(Instructions for the task): Set down each line of the material that follows exactly, and leave its pictures out.

BEGIN Recorded data

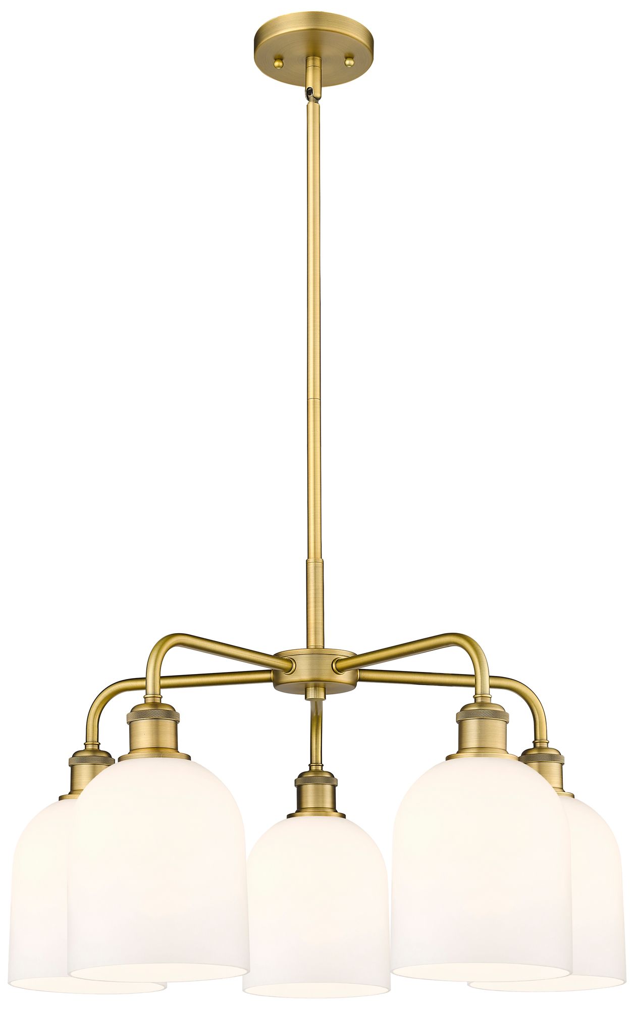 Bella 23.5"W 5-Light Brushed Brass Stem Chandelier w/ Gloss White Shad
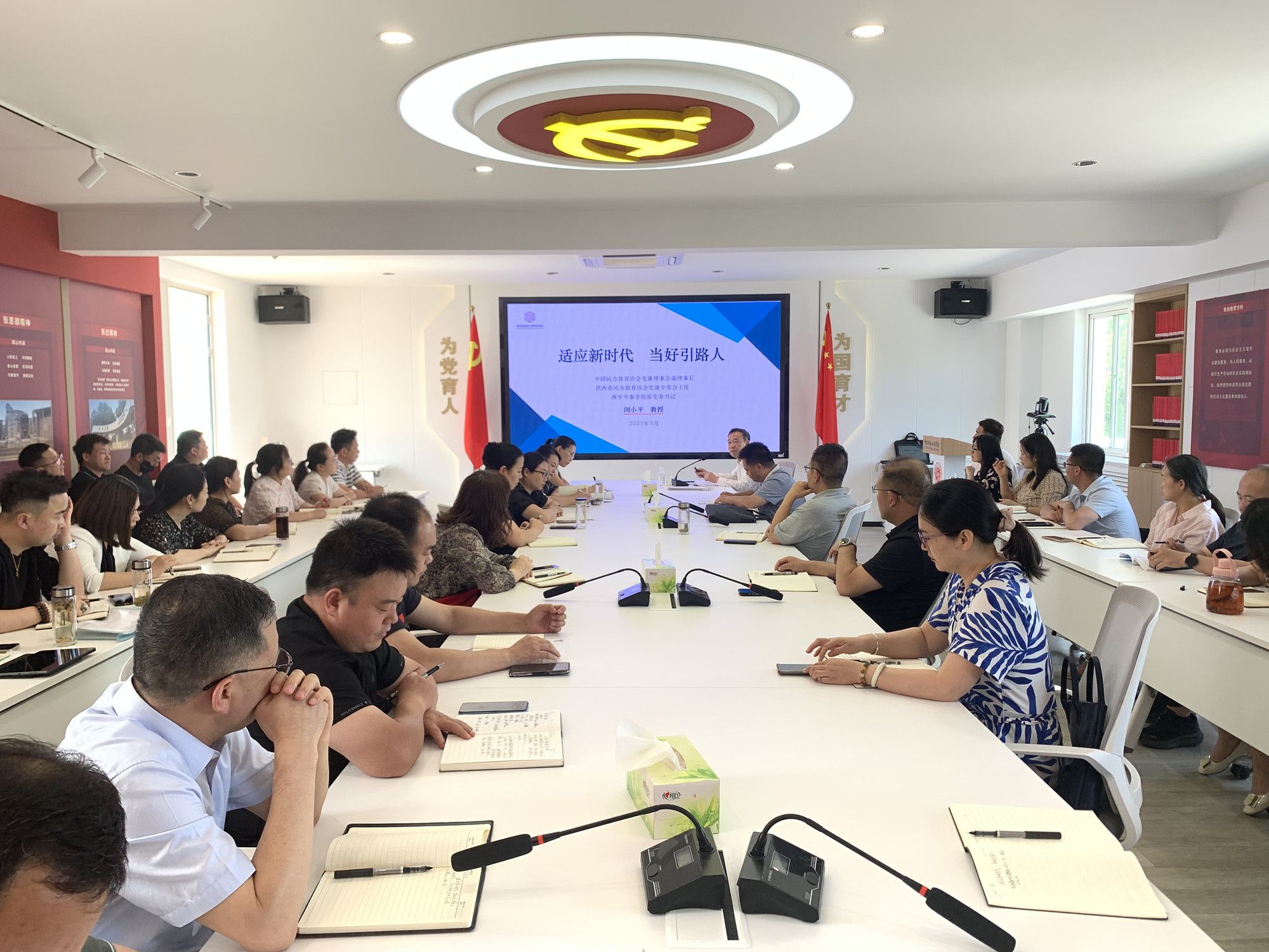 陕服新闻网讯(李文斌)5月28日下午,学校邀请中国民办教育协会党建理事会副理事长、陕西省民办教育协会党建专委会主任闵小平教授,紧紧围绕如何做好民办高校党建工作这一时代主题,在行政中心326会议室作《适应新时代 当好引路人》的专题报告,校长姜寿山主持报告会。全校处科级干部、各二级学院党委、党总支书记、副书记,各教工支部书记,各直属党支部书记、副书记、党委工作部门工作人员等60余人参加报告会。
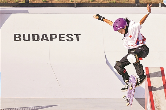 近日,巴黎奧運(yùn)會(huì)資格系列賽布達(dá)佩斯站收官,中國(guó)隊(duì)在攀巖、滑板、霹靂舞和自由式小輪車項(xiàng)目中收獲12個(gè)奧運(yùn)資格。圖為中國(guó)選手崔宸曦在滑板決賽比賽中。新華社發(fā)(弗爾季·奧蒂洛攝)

END Recorded data

(Task response):
 Bella 23.5"W 5-Light Brushed Brass Stem Chandelier w/ Gloss White Shad
 陕服新闻网讯(李文斌)5月28日下午,学校邀请中国民办教育协会党建理事会副理事长、陕西省民办教育协会党建专委会主任闵小平教授,紧紧围绕如何做好民办高校党建工作这一时代主题,在行政中心326会议室作《适应新时代 当好引路人》的专题报告,校长姜寿山主持报告会。全校处科级干部、各二级学院党委、党总支书记、副书记,各教工支部书记,各直属党支部书记、副书记、党委工作部门工作人员等60余人参加报告会。
 近日,巴黎奧運(yùn)會(huì)資格系列賽布達(dá)佩斯站收官,中國(guó)隊(duì)在攀巖、滑板、霹靂舞和自由式小輪車項(xiàng)目中收獲12個(gè)奧運(yùn)資格。圖為中國(guó)選手崔宸曦在滑板決賽比賽中。新華社發(fā)(弗爾季·奧蒂洛攝)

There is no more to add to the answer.